This finished the review, the code looks nice! The speed up in zone parsing is very nice for large datasets.

wcawijngaards commented 6 months ago

Nr. 44. is now fixed by the commit that fixes the comparison to use file->path. So it no longer attempts to free not_a_file.

k0ekk0ek commented 5 months ago

Nr 32. not entirely correct. It only enters the loop if key <= highest_key (so at least one key has been read). If it then detects the key is duplicate, the message is correct because there's indeed a duplicate key. I check for automatically mandatory keys after parsing the list.

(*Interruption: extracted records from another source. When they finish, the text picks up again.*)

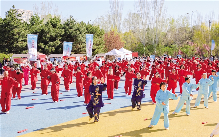 4月27日,由呼和浩特市体育局主办,呼和浩特市“五个一万”全民健身活动——万人太极拳展示活动在丝绸之路公园精彩呈现。活动现场,健身爱好者们动作流畅自然,既有力道又不失柔美,展现中华武术的深厚底蕴与精妙绝伦。“五个一万”全民健身活动是呼和浩特市一项品牌全民健身活动,突出“科学运动,有益健康”的理念,活动时间跨度长,参与人数多,形式多样,深受群众喜爱和欢迎。摄影/草原云·北方新报首席记者 牛天甲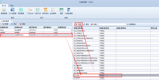 右侧显示所有可被注册的表,选择某个表,点【注册】按钮,如下图:
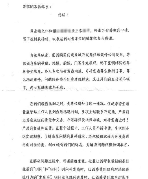 順義建投下屬順政通收到了區(qū)住房和城鄉(xiāng)建設委員會建設工程安全質量監(jiān)督站發(fā)來的表揚信,對順政通公司員工劉垚辰同志在駐勤工作中給予了充分的肯定與認可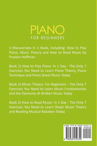 3 Manuscripts in 1 Book, Including: How to Play Piano, Music Theory and How to Read Music! Book 1) How to Play Piano: In 1 Day - The Only 7 Exercises You Need to Learn Piano Theory, Piano Technique and Piano Sheet Music Today You will learn the following: -The keyboard and keys -The pedals -Reading sheet music -Practising scales -Adding in chords -Sharps and flats -Timing -And much more! Book 2) Music Theory: For Beginners - The Only 7 Exercises You Need to Learn Music Fundamentals and the Elements of Written Music Today Do you get overwhelmed by all the complex concepts and want a book that is simple and clear? If so, "Music Theory: For Beginners" by Preston Hoffman is the book for you! It will provide you with seven key exercises that will help deepen your understanding of music theory! Book 3) How to Read Music: In 1 Day - The Only 7 Exercises You Need to Learn Sheet Music Theory and Reading Musical Notation Today You have made an excellent decision by choosing to learn the piano. So, don't delay it any longer. Take this opportunity and purchase your copy today. Order "Piano: For Beginners" Now!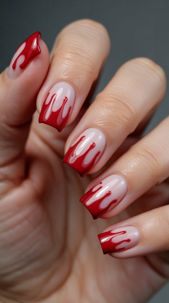 For a look that’s more on the gory side, try a blood-red drip design. Start with a nude or pale pink base, and use a deep red polish to create the effect of blood dripping down from the tips. It’s a bold and edgy choice that’s perfect for a killer Halloween party.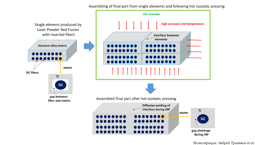 «Композитные детали, состоящие из матрицы титанового сплава с армирующими волокнами карбида кремния, впервые были успешно изготовлены с использованием нового подхода, сочетающего лазерную плавку в порошковом слое и горячее изостатическое прессование. Способ предполагает, что волокна могут быть помещены в матрицу после изготовления единичного элемента. После этого из отдельных элементов можно собрать деталь с окончательной формой. Консолидация конечной детали может быть выполнена методом горячего изостатического прессования. Высокое давление и температура при этом будут вызывать усадку зазоров между матрицей и волокном и способствовать диффузионному соединению элементов матрицы. Дальнейшая вставка волокон и сборка нескольких одиночных элементов позволяет получить заготовку с равномерным распределением волокон в объеме», — рассказал ведущий эксперт лаборатории гибридных аддитивных технологий НИТУ «МИСиС» Андрей Травянов.

wcawijngaards commented 5 months ago

You are right because of that it works to detect key 0, because there is always at least one key already read. There is then still the other parts about not always finding equal keys, or about the difference in code lines: line 601 if (key < smaller_key), line 695 if (key < smaller_key) and line 965 if (key <= smaller_key).

wcawijngaards commented 5 months ago

That was just fixed in the commit just now, the difference in code lines.

k0ekk0ek commented 5 months ago

I've updated the documentation about "reading past the buffer" in #169. It's not nearly enough to properly explain, but it basically comes down to the scanner guaranteeing only complete tokens are returned. We really don't want to concern the parser with having to deal with partial tokens or anything like that. The input is also always padded with 64-bytes. Combining those two facts, a lot of parsers trust that while they read a character that is part of the contiguous set of characters the next one is either part of that set or a delimiter. For example, if I'm reading an escaped sequence, as long as I'm reading digits it cannot be a delimiter (either for quoted or contiguous) and since the input is guaranteed to be padded I'm save in reading the data. It may be worthwile changing this for the fallback implementation eventually though (see #174)